Apa yang terjadi selanjutnya aku juga tak begitu paham. Yang pasti semuanya ricuh, banyak suara yang menjerit-jerit, ada juga yang membentak. Sedangkan aku? Sekuat tenaga menahan tubuh Kak Mara supaya tak mencekik si Ikal Ira.
***
Selama berteman dengannya aku tak pernah sekacau ini. Apa yang terjadi dua jam yang lalu membuatku terpikir banyak hal. Tentang kami. Tentang alasanku berteman dengannya dan alansafnya berteman denganku. Tapi kelihatannya hanya aku yang berpikir keras.

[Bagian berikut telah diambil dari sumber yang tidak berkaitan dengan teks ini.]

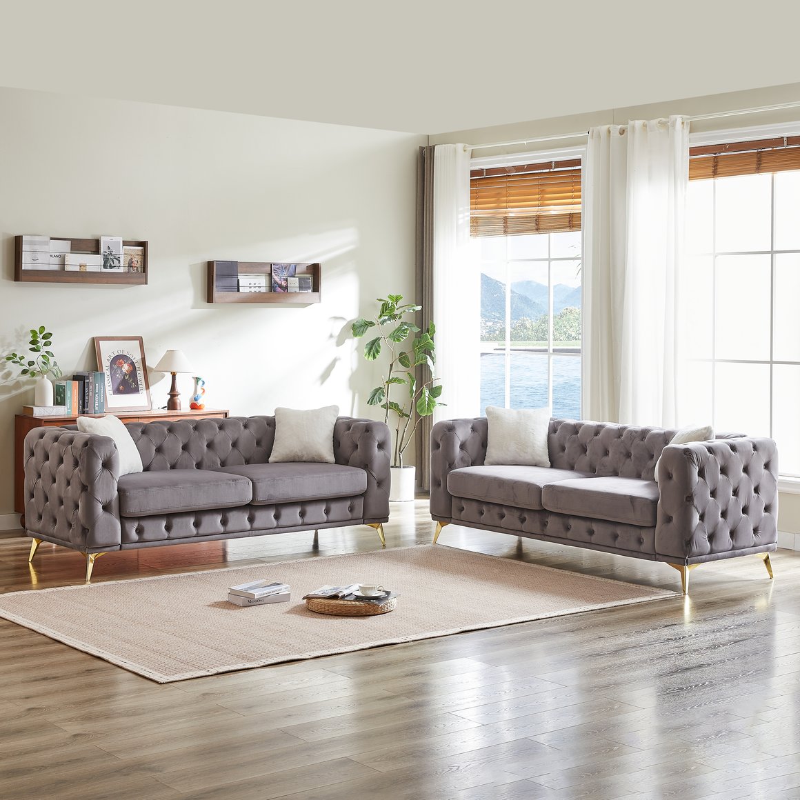 - Crafted from a soft velvet fabric with tufted buttons, this sofa adds a soft, cozy touch to any living space!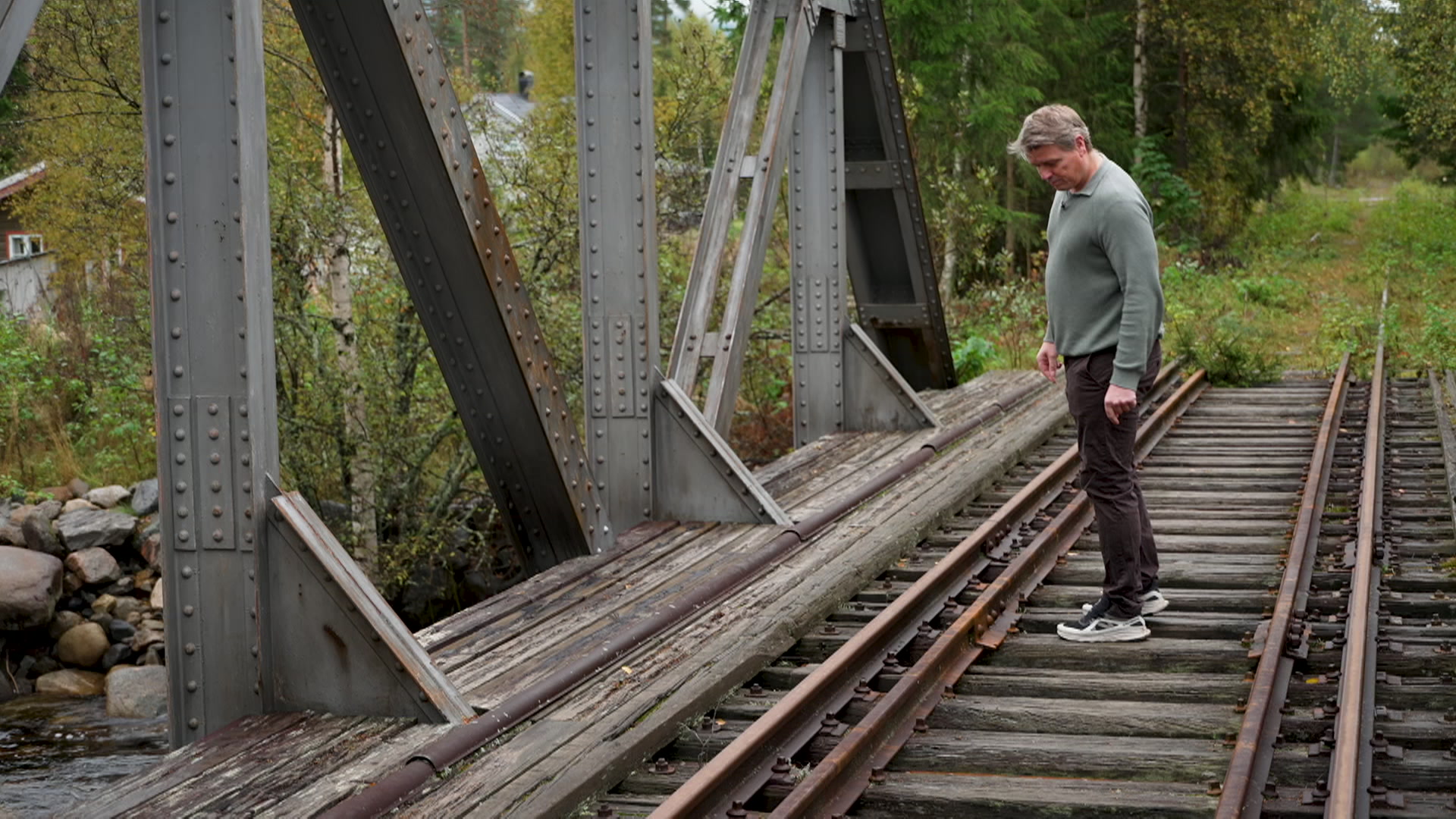 Ordføreren drister seg ut på den råtnende jernbanebrua.

Karena kak Mara bersikap seperti biasa. Ia bersandar pada punggung kursi kereta yang empuk. Matanya memejam dengan earphone menyumbat telinga. Betapa tenangnya ia… seolah semua yang terjadi tadi hanya mimpi, hanya delusi.
“Kacung…” Aku menggumam tanpa suara. Apa benar aku hanya kacung baginya? Apasih? Kenapa aku jadi melankolis seperti ini! Kami berteman selama enam tahun, dan aku langsung kacau karena ucapan cewek asing! Seharusnya aku tidak berpikir begitu! Tetapi… sekali lagi, pikiran itu tetap pada tempatnya. Dan saat sadar, ia sudah menggerogotiku dari dalam.
***
Yang kulakukan setelahnya kuanggap sudah benar, yaitu pergi menjauh. Segala ajakannya pergi ke konser dan kopdar kutolak halus. Alasan yang kupakai ialah karena persiapan ujian. Aku memang sudah kelas tiga SMA, dan waktu mainku sudah mencapai limit. Kalau masih tahu diri aku harus mulai membiasakan diri dengan buku-buku pintar. Kak Mara, meski sedikit kecewa, ia bisa menerimanya.
“Ya nggak apa-apa. Cuma nanti kalo udah selesai kita main lagi.” Katanya di pertemuan kami yang terakhir.
Sebulan, dua bulan aku sibukkan diri di sekolah. Benar, temanku bukan hanya dirinya. Ia pun harus memiliki teman selain aku. Kami tidak bisa berteman hanya berdua. Ia harus belajar, mengatasi sepi dengan berbicara dengan orang lain selain aku. Kutekankan pendirian ini pada diri sendiri. Pendirian yang suatu saat akan kusesali.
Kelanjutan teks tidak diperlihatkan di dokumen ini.